Vexillum flexicostatum

Scientific classification
- Kingdom: Animalia
- Phylum: Mollusca
- Class: Gastropoda
- Subclass: Caenogastropoda
- Order: Neogastropoda
- Superfamily: Turbinelloidea
- Family: Costellariidae
- Genus: Vexillum
- Species: V. flexicostatum
- Binomial name: Vexillum flexicostatum (Garrett, 1880)
- Synonyms: Turricula flexicostata Garrett, 1880 (original combination); Vexillum (Costellaria) flexicostatum (Garrett, 1880);

= Vexillum flexicostatum =

- Authority: (Garrett, 1880)
- Synonyms: Turricula flexicostata Garrett, 1880 (original combination), Vexillum (Costellaria) flexicostatum (Garrett, 1880)

Species of gastropod

Vexillum flexicostatum is a species of small sea snail, marine gastropod mollusk in the family Costellariidae, the ribbed miters.

==Description==
The length of the shell attains 15 mm, its diameter 5 mm.
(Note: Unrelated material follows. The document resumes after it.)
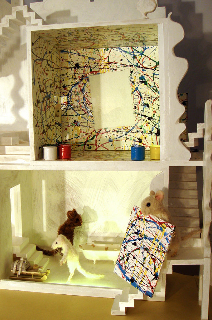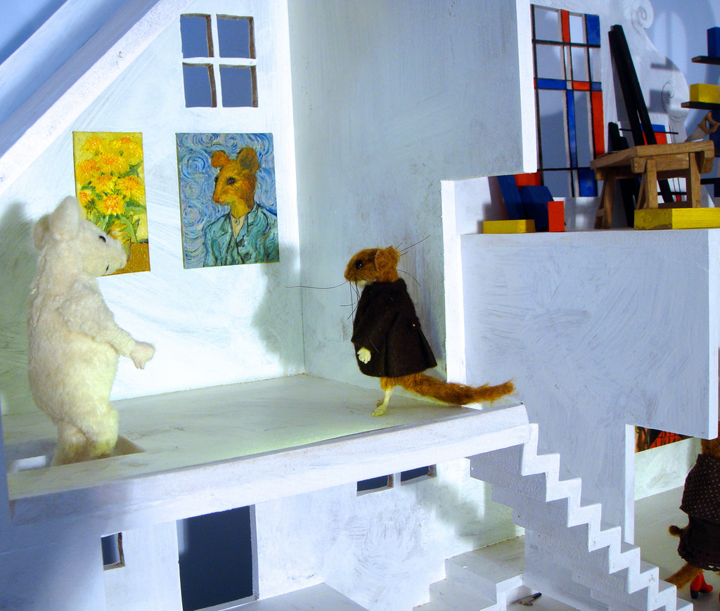 Ja, ca 40, oder so, Mäuse bewohnen seit ein paar Jahren unser Schaufenster. Die Mäuse näht meine Frau, ich baue nur gelegentlich mal ein paar Requisiten.

(Original description) The shell is acuminately turreted and rather slender. It is ashy-brown, with a single narrow pale zone on the upper portion of the body whorl, which is continued upward on the middle of the
whorls of the spire. The shell contains 9 convex whorls, longitudinally plicately ribbed. The ribs are narrow, smooth and flexuous. The interstices show rather
close, transverse incised lines. The base is contracted, slightly produced and somewhat twisted. The aperture measures less than half the length of the shell. It is brownish with a whitish zone. The columella has four plaits.

==Distribution==
This marine species occurs off the Philippines and Vanuatu.